# Write a program for pre-processing of a text document such as stop word removal, stemming.

In [None]:
# Step 1: Import required libraries
import nltk  # NLTK (Natural Language Toolkit) library for text processing
from nltk.corpus import stopwords  # To get a list of stop words
from nltk.tokenize import word_tokenize  # To split text into individual words
from nltk.stem import PorterStemmer  # To reduce words to their root form

# Step 2: Download necessary NLTK resources
# These downloads are required to use certain NLTK functionalities like stopwords and tokenization
nltk.download('punkt')  # 'punkt' is used for tokenizing sentences and words
nltk.download('stopwords')  # English stop words list provided by NLTK

# nltk.download('punkt'): Downloads a pre-trained tokenizer to split text into sentences or words, 
# enabling easier manipulation of text.

# nltk.download('stopwords'): Downloads a list of common,
#  low-value words to exclude from analysis to focus on more meaningful content.

def preprocess_text(text):
    """
    Preprocesses the input text by removing stopwords and applying stemming.
    
    Parameters:
    - text (str): The input text to preprocess.
    
    Returns:
    - str: Processed text with stopwords removed and words stemmed.
    """
    
    # Step 3a: Tokenize text
    # Tokenization splits text into individual words (tokens), which helps in further processing.
    # We also convert text to lowercase to make processing case-insensitive.
    tokens = word_tokenize(text.lower())

    # Step 3b: Initialize the PorterStemmer and load English stopwords
    # PorterStemmer reduces words to their root form (e.g., "running" -> "run").
    stemmer = PorterStemmer()
    # stopwords.words('english') gives a set of common English stopwords like "the", "is", "in", etc.
    stop_words = set(stopwords.words("english"))

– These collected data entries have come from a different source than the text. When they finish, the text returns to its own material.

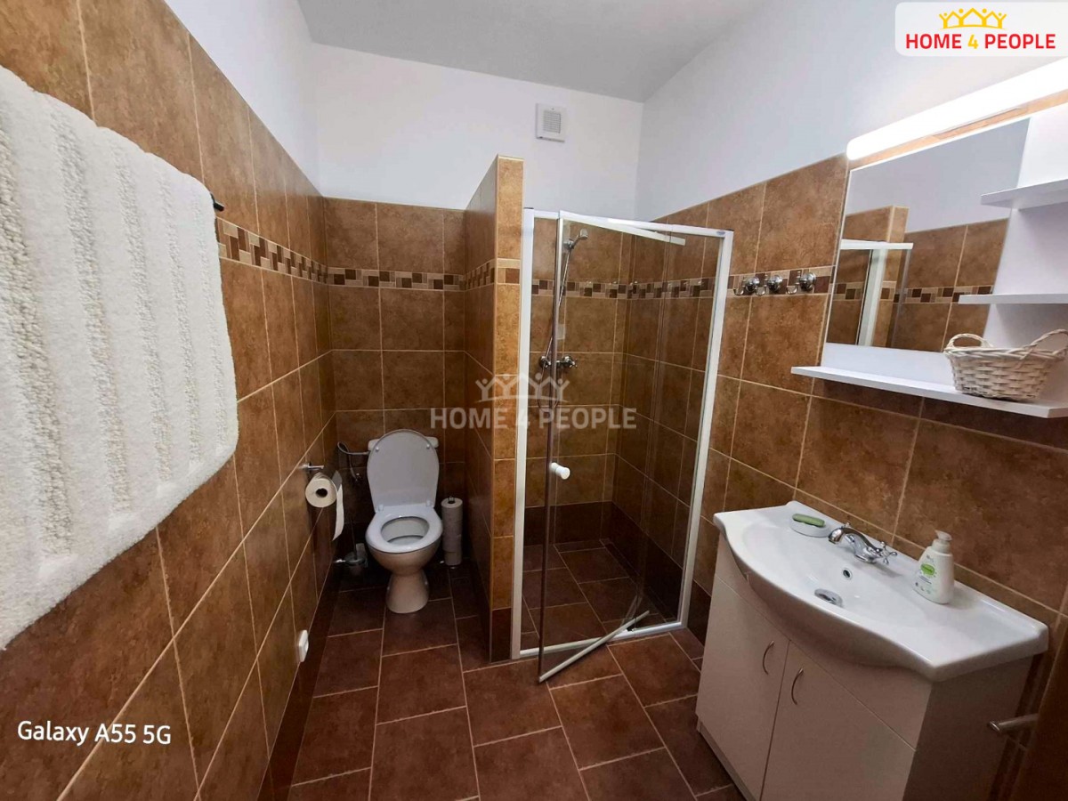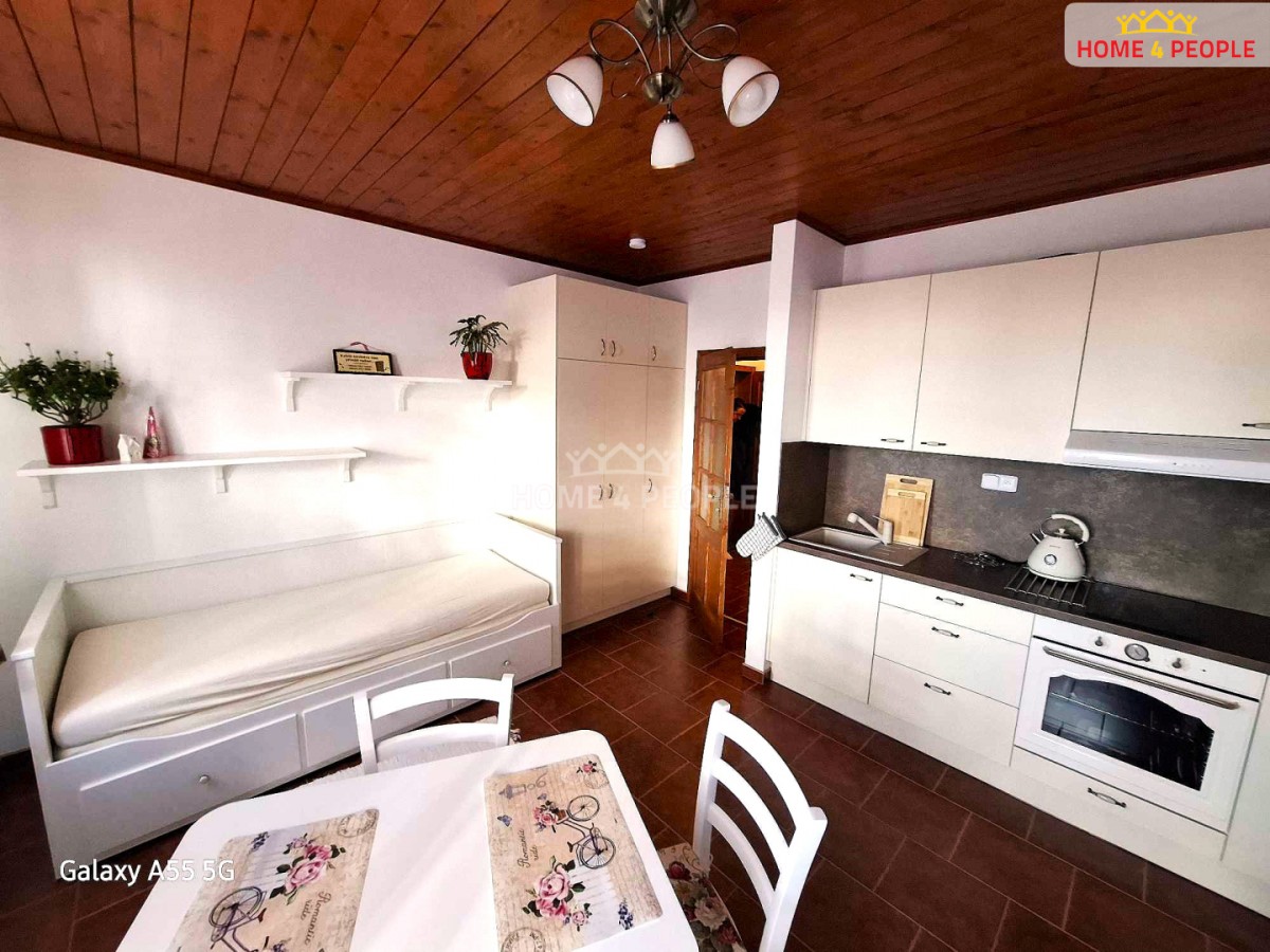 Byt se nachází v přízemí výměrou 23 m² je kompletně vybavený , ...v hlavní místnosti o výměře 16 m² je kuchyňská linka na míru se všemi potřebnými spotřebiči, rozkládací postel, úložná skříň a jídelní stůl pod okny do ulice.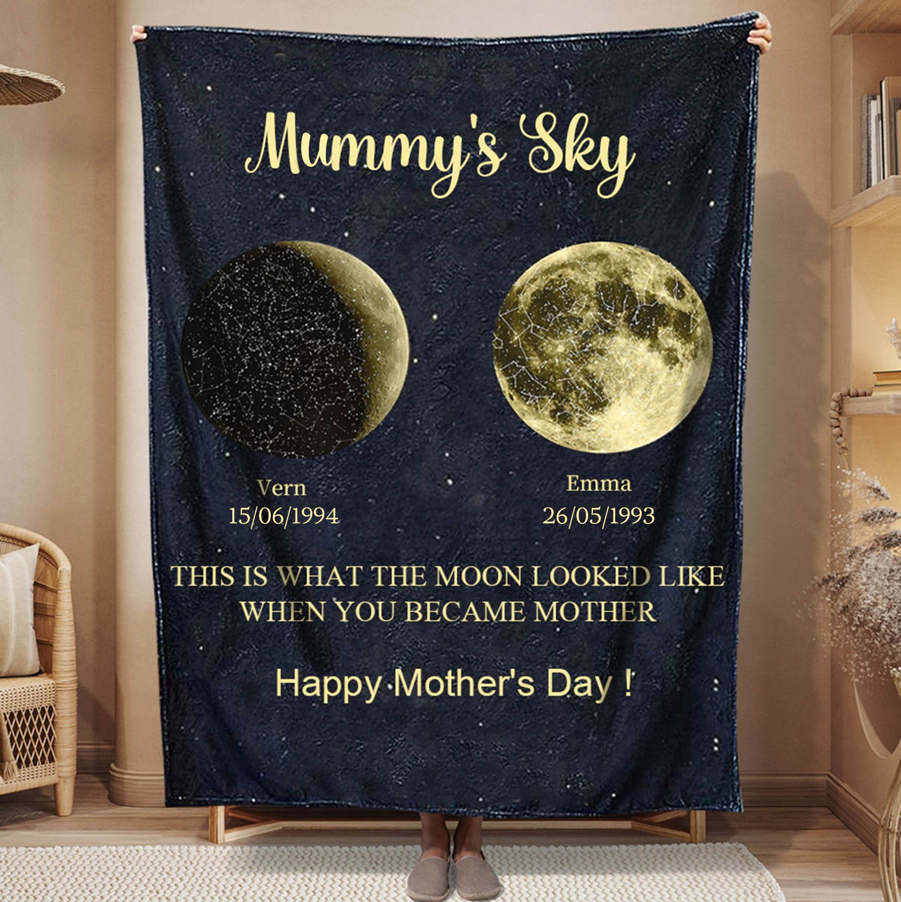 Custom Mummy's Sky Moon Phase Blanket With Date Family Keepsake Gifts For Mum Mother's Day Gifts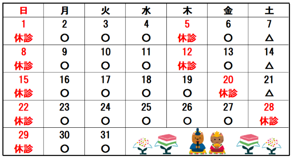 3月カレンダー 〇:午前9:00~12:00・午後15:00~17:30 △:午前9:00~12:00・午後14:00~17:00 ワクチン接種でご来院の方は、アレルギー反応が出る場合がありますので、午前中の接種をお勧めします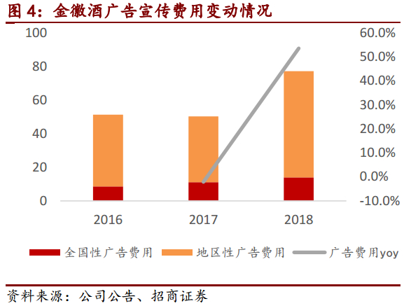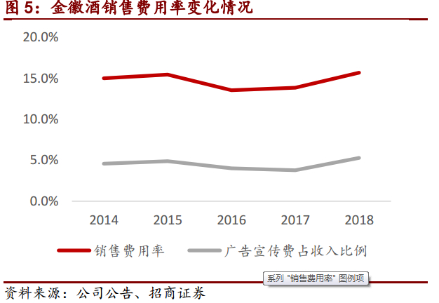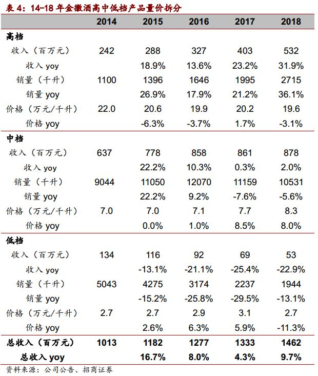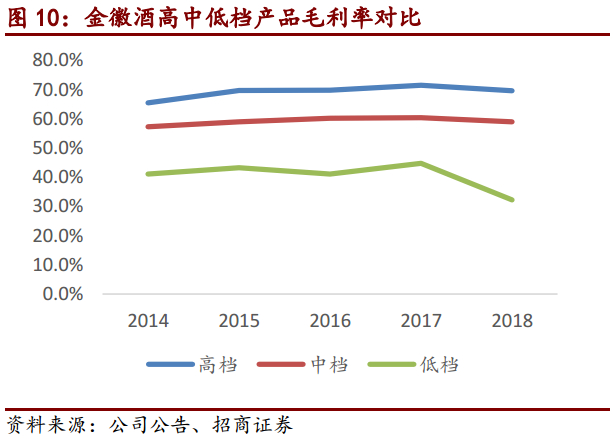 高档快速增长,中档稳增,低档持续收缩。中档酒依然是公司最大的收入来源,2018年收入8.78亿元,其次是高档酒5.32亿元,低档酒仅贡献收入0.53亿元。从增长情况来看,以世纪金徽五星为主的高档酒是增速最快的产品,2018年收入同比增速高达32%,销量同比增速36%。以世纪金徽三星和四星为主的中档酒2017年来保持稳健增长,2018年同比增速2.0%,而低档酒近几年销量下降明显,收入持续萎缩。
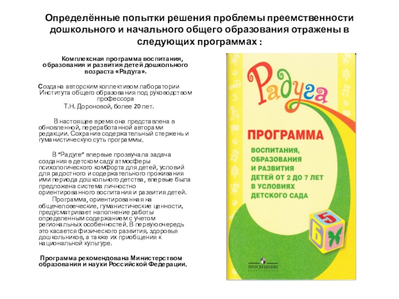Слайд 12Определённые попытки решения проблемы преемственности дошкольного и начального общего образования отражены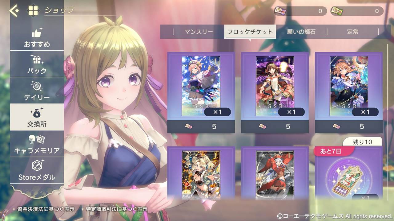 これらのアイテムは、ショップ>交換所>フロッケチケットタブにて交換所限定のSSRメモリアやガチャチケットと交換することができます。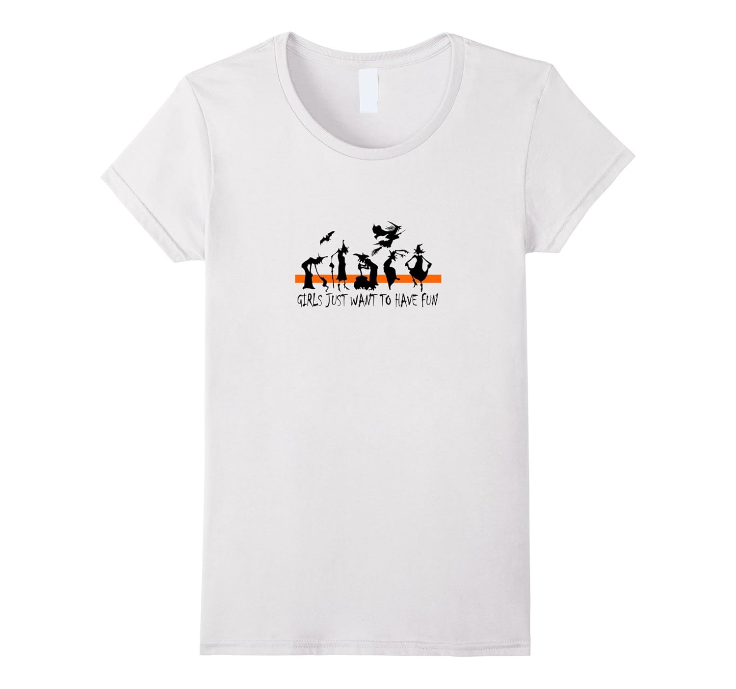 Solid colors: 100% Cotton; Heather Grey: 90% Cotton, 10% Polyester; All Other Heathers: 50% Cotton, 50% Polyester; Imported; Machine wash cold with like colors, dry low heat; Girls Just Want To Have Fun – Halloween Shirts For Womens; Lightweight, Classic fit, Double-needle sleeve and bottom hem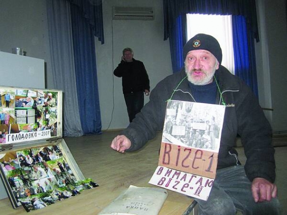 — И напишите еще, как нас пытались отсюда выжить обманом, — дополняет чернобылец 59-летний Владимир Деркач. — Губернатор уговаривал: "Мы вам дадим автобусы, по домам развезем, а наутро приедете снова". Но сегодня в здание уже не впускают наших товарищей. Зато губернатор дал команду открыть туалеты! Ляшко не смог открыть, Якименко не смог. Такой стратегический вопрос под силу решить только главе облгосадминистрации. Через эти туалеты издевались, надеясь нас выкурить.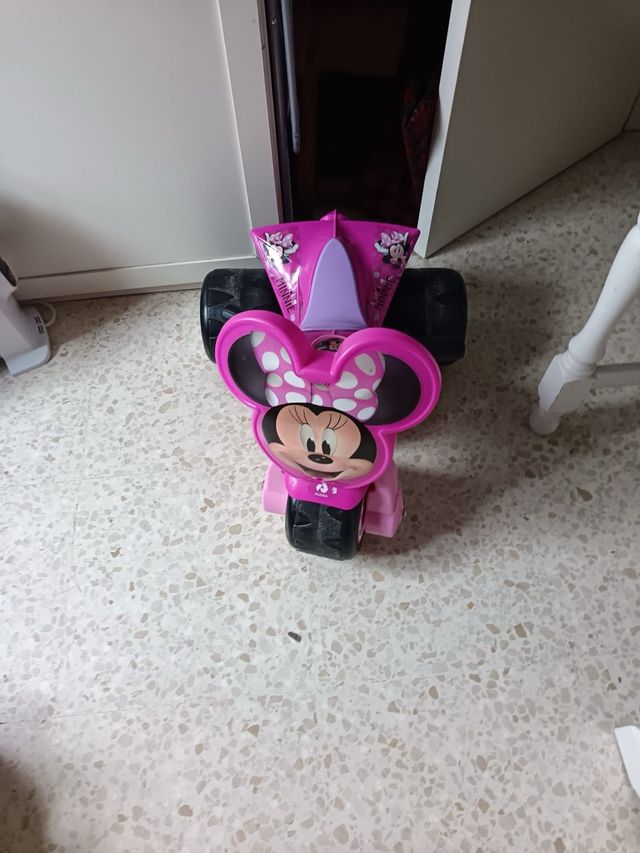 Moto eléctrica infantil con diseño de Minnie Mouse. - Color rosa y morado. - Ruedas negras. - Detalle de Minnie en la parte frontal. -Carga eléctrica por batería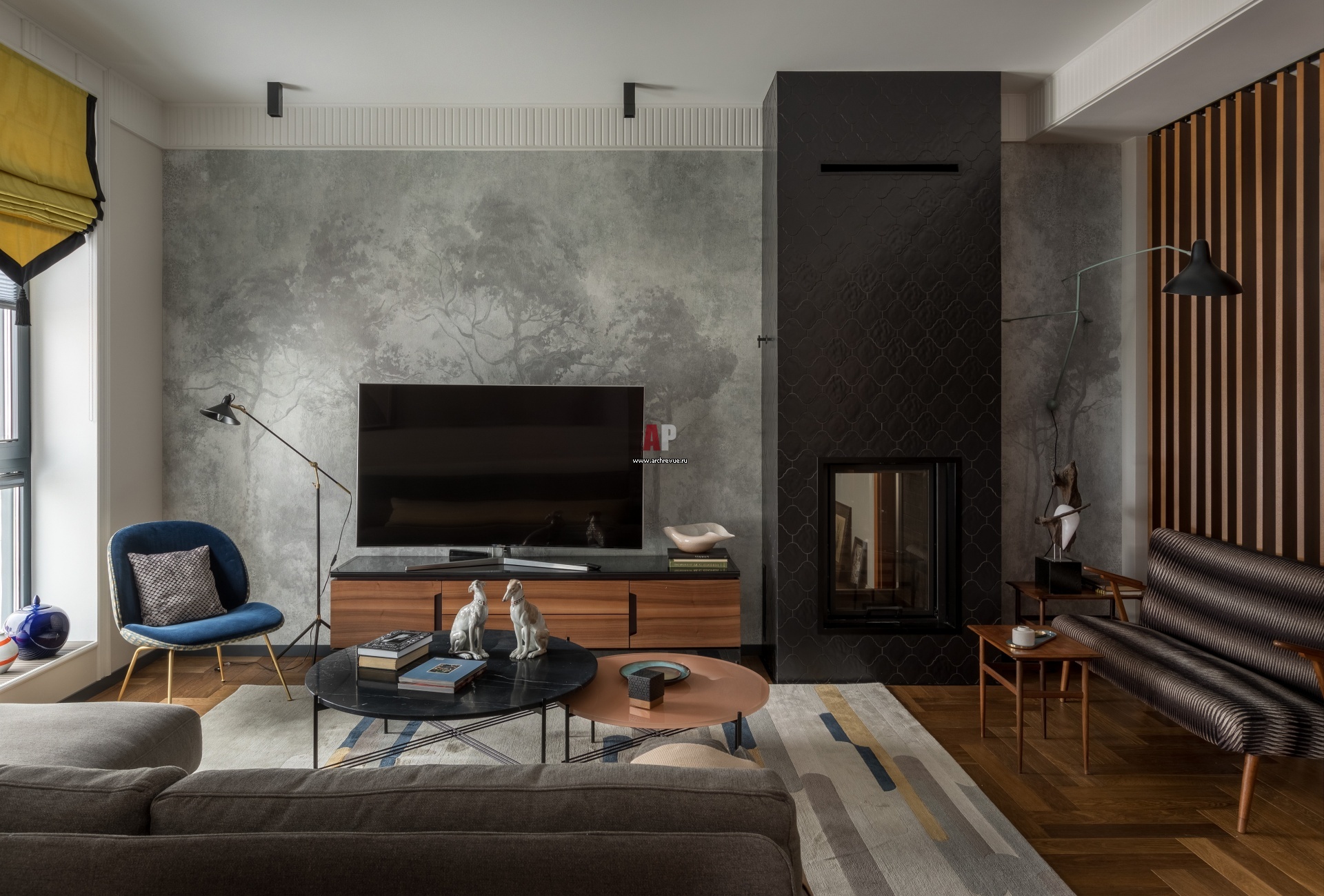 Стена в гостиной оформлена авторской росписью. Журнальный столик, Gubi. Кресло, Gubi, модель Beetle. На окнах – желто-золотые римские шторы.

    # Step 3c: Remove stopwords and apply stemming
    # We iterate through each token, remove punctuation, filter out stopwords, and apply stemming.
    processed_words = [
        stemmer.stem(word)  # Stems the word to its root form
        for word in tokens  # For each word in the tokenized list
        if word.isalnum() and word not in stop_words  # Only keep words that are alphanumeric and not stopwords
    ]

    # Step 3d: Join words back into a single string
    # We join the processed list of words into a single string, separating each word with a space.
    processed_text = ' '.join(processed_words)

    return processed_text

# Step 4: Read text from a file and process it
# Open the text file in read mode with UTF-8 encoding to avoid Unicode errors
with open("Text.txt", "r", encoding="utf-8") as file:
    # Read the entire file content
    text = file.read()

# Process the loaded text by calling preprocess_text function
processed_text = preprocess_text(text)

# Display the processed text
print("Processed Text:", processed_text)


Processed Text: artifici intellig ai transform industri enabl new advanc healthcar financ transport ai help doctor make faster diagnos allow bank detect fraud even power car howev capabl rais ethic concern ai trust make critic decis prevent bia system machin learn branch ai allow comput learn data without explicit program technolog power tool like chatbot imag recognit softwar make digit interact natur despit benefit machin learn face challeng black box issu process becom hard explain ai autom advanc concern job displac aris role may autom ai also creat new career path data scienc technolog stay relev individu need focu skill ai easili replic creativ critic think


[nltk_data] Downloading package punkt to
[nltk_data]     C:\Users\HP\AppData\Roaming\nltk_data...
[nltk_data]   Package punkt is already up-to-date!
[nltk_data] Downloading package stopwords to
[nltk_data]     C:\Users\HP\AppData\Roaming\nltk_data...
[nltk_data]   Package stopwords is already up-to-date!